The final compromise incorporated the formerly communist countries into the trading system by making unique entry requirements that included numerical targets for growth in imports from GATT members and special trade restrictions (such as quotas on specific commodities) that could be imposed if exports from these nonmarket countries undermined Western markets. Today's trade negotiators could essentially adopt the same strategy by admitting China and the other applicants with four special caveats:
- To ensure that other WTO members gained trade benefits and were not restricted by government planning or other distortions, former, nonmarket members would be required to increase imports from WTO members by a fixed percentage. Since state planning machinery continues to operate in most of these countries, such a task should be achievable.
- Given the widespread presence of subsidies and government-inspired predatory pricing, other WTO members should be able to restrict onetime nonmarket country exports if they undermined Western markets.
- To assist in enforcing the pact, current WTO members should be able to withdraw from the pact with reforming nonmarket economies if they felt nonmarket economies were not obeying its terms.
- If the former nonmarket economies could prove that they had become market economies and were obeying WTO rules, they should be graduated to normal WTO member status.
This approach would likely require hard negotiation. And because it involves numerical targets for exports-that is, "managed trade"-it will offend many economists who believe tinkering with the free market is inherently counterproductive. Some nonmarket economies may also criticize this approach to making them second-class citizens in the world trading system.
This approach, however, has already proved workable in connection with Poland and Romania; it has the unique advantage of turning the state planning machinery now impeding trade liberalization into a tool that opens markets and encourages trade liberalization. It also makes it politically possible to extend these mixed economies more time to make the difficult economic transition to the free market by creating a balance between reduced responsibilities and reduced benefits. This balance could allow a longer transition without undermining the political consensus that holds the WTO together.
I f American foreign policy has a consistent weakness, it is that America seems to view the world as a giant house of mirrors. Everywhere it looks, America sees reflections of itself. They may be a little taller or a little shorter, a little fatter or a little thinner, but fundamentally other countries are just like us.

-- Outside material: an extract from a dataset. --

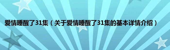 本文关于爱情睡醒了31集的基本详情介绍就讲解完毕,希望对大家有所帮助。

Just below the surface, every country is a budding Jeffersonian democracy with a free market economy.
Unfortunately, the world is not so simple. Owing to its distinctive history, culture, political structure, and economic institutions, America is largely unique. More shatteringly, most other countries do not desire to be reflections of the United States; they have their own political and economic philosophies and institutions.
The struggle to bring nonmarket economies into the WTO is but the latest example of this American failing. We are attempting to make the former communist world fit into the market trading system. Pounding hard enough to make them fit risks damaging both American interests and the WTO that the United States worked so long to create.